5. California Seeks to Mandate Certain Agencies to Adopt Security Policies. On August 30, AB2135 made its way to the governor's desk after passing in the Senate on August 23 by a vote of 39-0. The bill would require state agencies not under the governor's direct authority to adopt and implement (1) certain security and privacy policies, standards, and procedures; and (2) perform a comprehensive independent security assessment every two years.
6. Clarity or Confusion? On August 31, the governor received AB1711 for consideration after it passed in the California Assembly by a vote of 74-1. The bill would require an agency to post a notice on its internet website when a person or business operating a system on behalf of the agency must issue a security breach notification. Proponents believe the bill would provide certainty to customers (1) that the data breach notification letter they receive is authentic; and (2) the source of the breached data.
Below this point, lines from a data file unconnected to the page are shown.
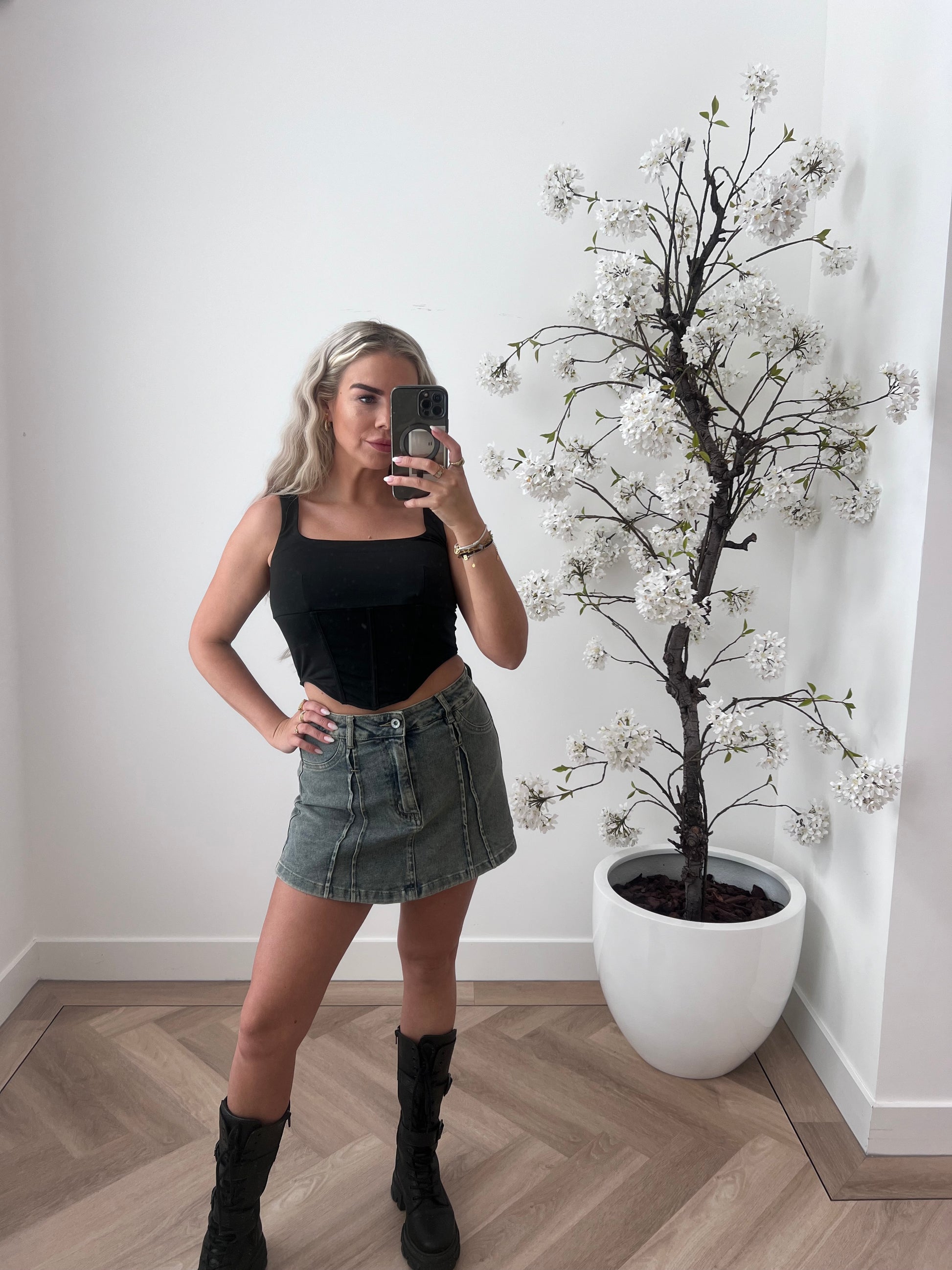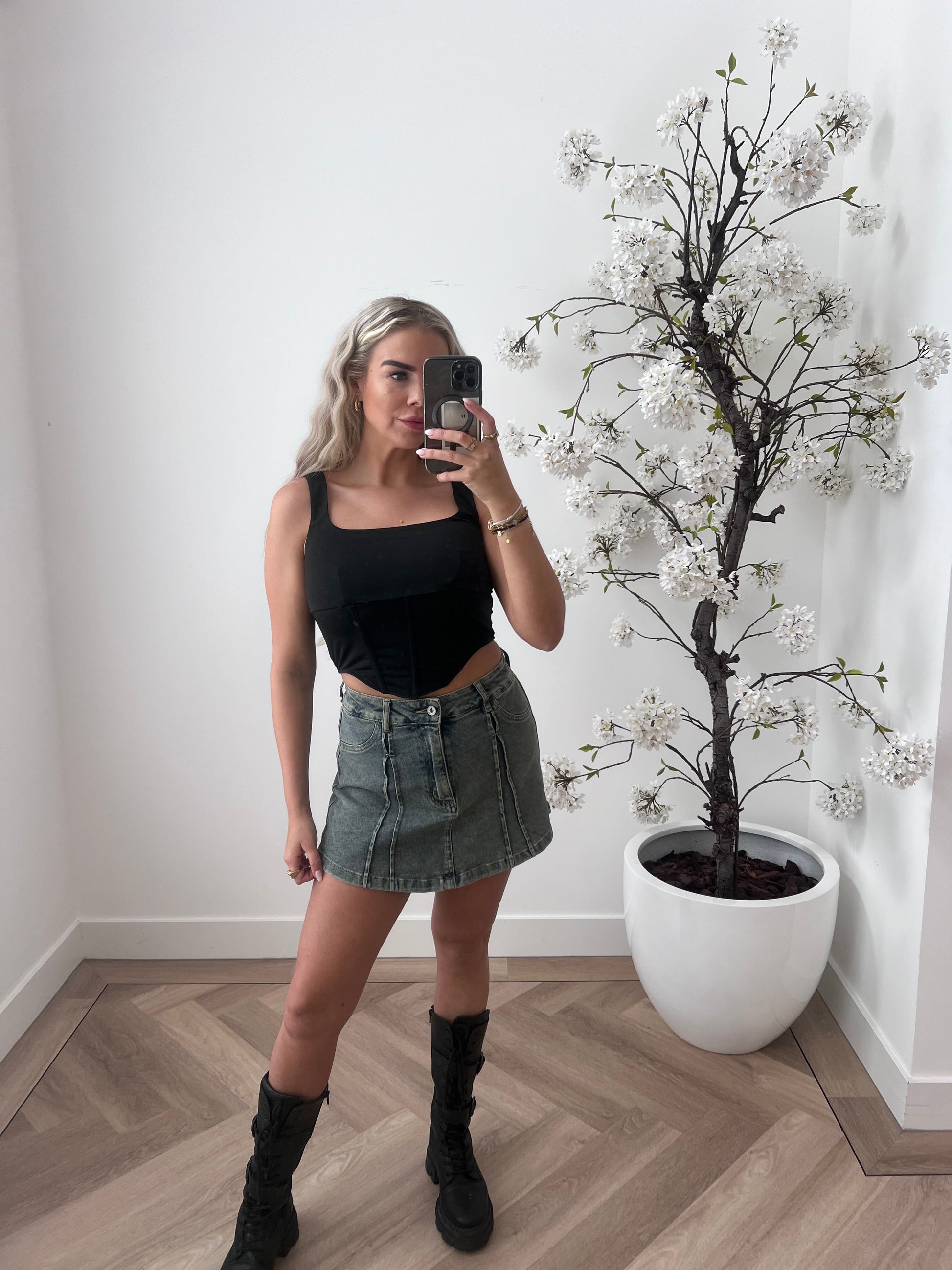 Hoe gaaf is dit denim skater skortje? Het lijkt van de voorkant een rokje, maar het is een skort!Dit skortje bevat stretch en is perfect voor het festivalseizoen. Combineer het met een van onze body's voor een complete look.
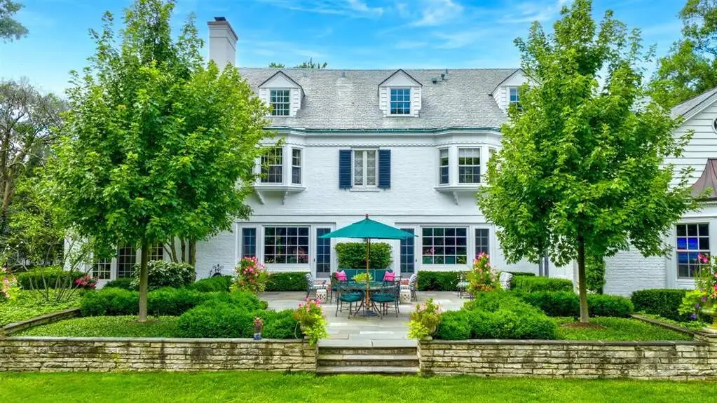 Reminiscent of the timeless white painted Colonial retreats off the East Coast of Hyannis Port, this Winnetka estate set on 1.4 acres of gracious grounds captures that same coastal charm right here in the North Shore. Set on premier Woodley Road with a beautiful natural canopy of mature trees, this 8 beds, 5.2-bath home seamlessly blends grand entertaining with casual living through a quintessential floor plan designed for modern day living. Elegance unfolds the moment you step into the grand reception foyer crowned by a cascading wrought-iron staircase serving as the gateway to the home's formal spaces. Sunlit living room, anchored by a stately FP and framed by floor-to-ceiling windows, flows effortlessly into a dreamy sunroom wrapped in grasscloth wallpaper-offering serene views of the lush backyard. Tucked off the solarium a richly paneled library with FP creating the ultimate private retreat. Elegant dining room with French doors opening to the expansive terraces sets the stage for seamless indoor-outdoor entertaining. At the heart of the home is the expansive Chef's kitchen, designed for both culinary excellence & effortless hosting. Chefs' kitchen with great space, custom cabinetry, island with breakfast bar seating, desk command center, top of the line appliances, separate breakfast area, and fully loaded butler's pantry with wine fridge, sink, and custom cabinetry. Off the kitchen, Ralph Lauren-inspired family room w/ warm chestnut paneling, FP, bay window, and French doors opening to the bluestone patio & new tasteful in-ground spa. Thoughtfully designed mudroom with custom cabinetry connects to the heated 3 car garage, perfectly positioned as a discreet backdoor drop zone. Gracious 2nd floor is anchored by the private primary suite wing-offering a serene sanctuary with a spacious bedroom, sitting room with FP, and currently set up as his-and-her baths with an additional den (or bedroom). 3 additional ensuite bedrooms on this level, one tucked away on the north wing with a light-filled art studio. Fully equipped 2nd floor laundry also on this level. Third floor with soaring ceilings, large rec space, and three oversized bedrooms with a full bath offer endless possibilities. The lower level provides even more versatility, with a spacious rec room/gym, custom wine cellar, and ample storage. From inside to out, 5 Woodley is an all American classic that always continues to only get better with time. This is a phenomenal opportunity to take this graceful & solidly built home to a new level of 2025 luxury.
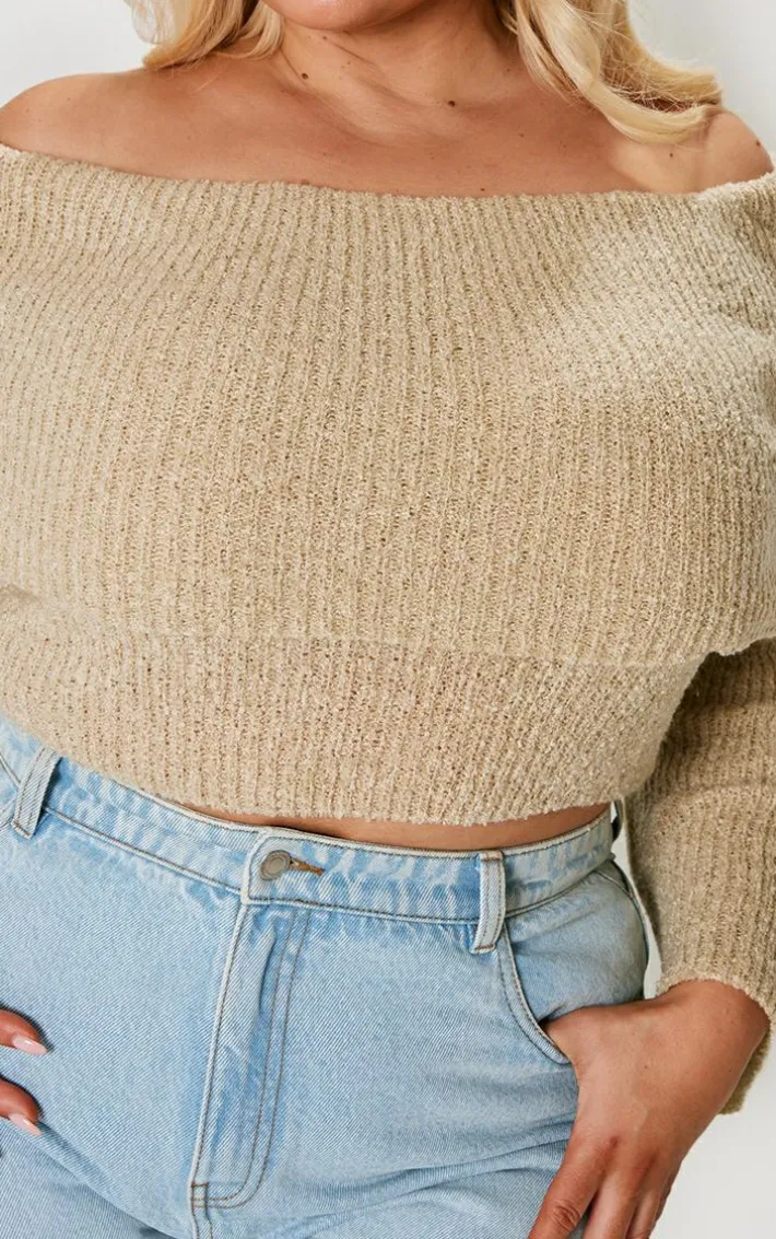 Say hello to your new season staple with this plus deep nude bardot boucle knit crop top. Brought to you in a deep nude boucle knit material with a bardot design, how could you say no? With its cropped length, you will not blend in. Style effortlessly your trusty jeans and heels for a an effortlessly chic combo that will turn heads for all the right reasons.
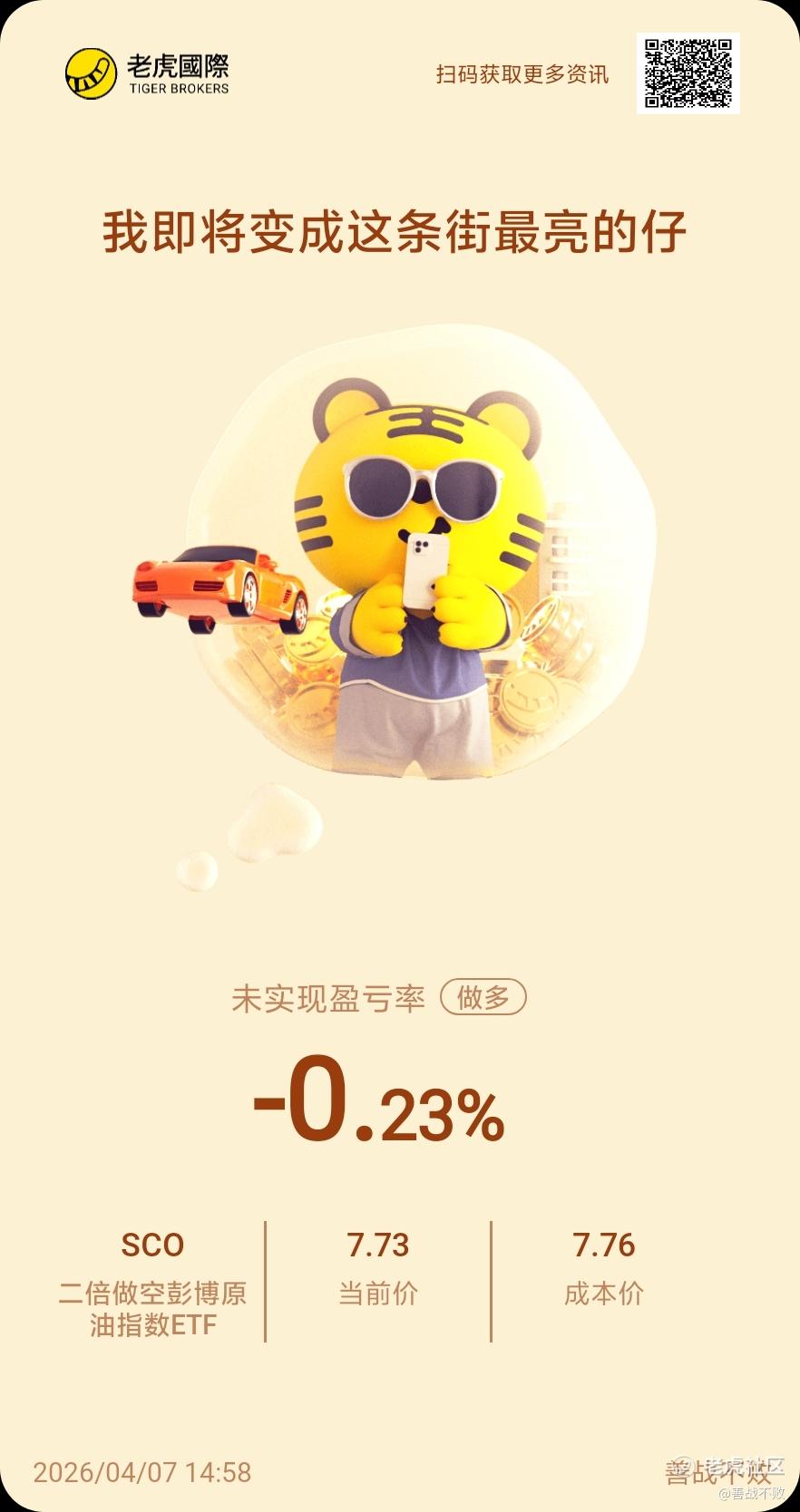 $二倍做空彭博原油指数ETF(SCO)$ 满仓满融梭哈。这位置空原油就对了。

Bill opponents, however, claim the bill would create more confusion since it requires the agency to post a "notice of data breach" on its own website (to the extent it maintains one), even when the vendor was the source of the breach.

SHARING IS CARING

1. New Cybersecurity Framework Provides Open-Source Communication. On August 10, a group of 18 technology and cybersecurity firms announced the Open Cybersecurity Schema Framework project, which intends to facilitate the exchange of information to help prevent, detect, and ward off cyberattacks more efficiently.

FORGET ME NOT

1. NYDFS Proposes Amendments to Cybersecurity Requirements. On July, 29, the New York Department of Financial Services (NYDFS) released its proposed amendments, seeking to strengthen and expand upon existing cybersecurity requirements. The amendments (1) create a new category of Class A companies; (2) enhance governance, technology, and risk assessment requirements; and (3) impose new notification obligations, including a 72-hour notification to the NYDFS and a 24-hour notification requirement for any extortion payment. For more details, please see Troutman Pepper's Consumer Financial Services Law Monitor article.

POTPOURRI

1. Knowledge Is Power. Beginning in July 2023, all New York attorneys must complete one additional CLE requirement — at least one cybersecurity CLE credit.

AS THE WORLD TURNS

1. Cybercrime Groups Resort to Call-Back Phishing Tactics. Researchers believe at least three distinct groups that separated from the Conti operation have adopted BazarCall phishing tactics as the primary attack vector to gain initial access.

2. REWARD: US Government Seeks Information on Malicious Cyber Criminals. The U.S. government is offering up to $10 million in rewards for information pertaining to five high-ranking members of the Conti ransomware group.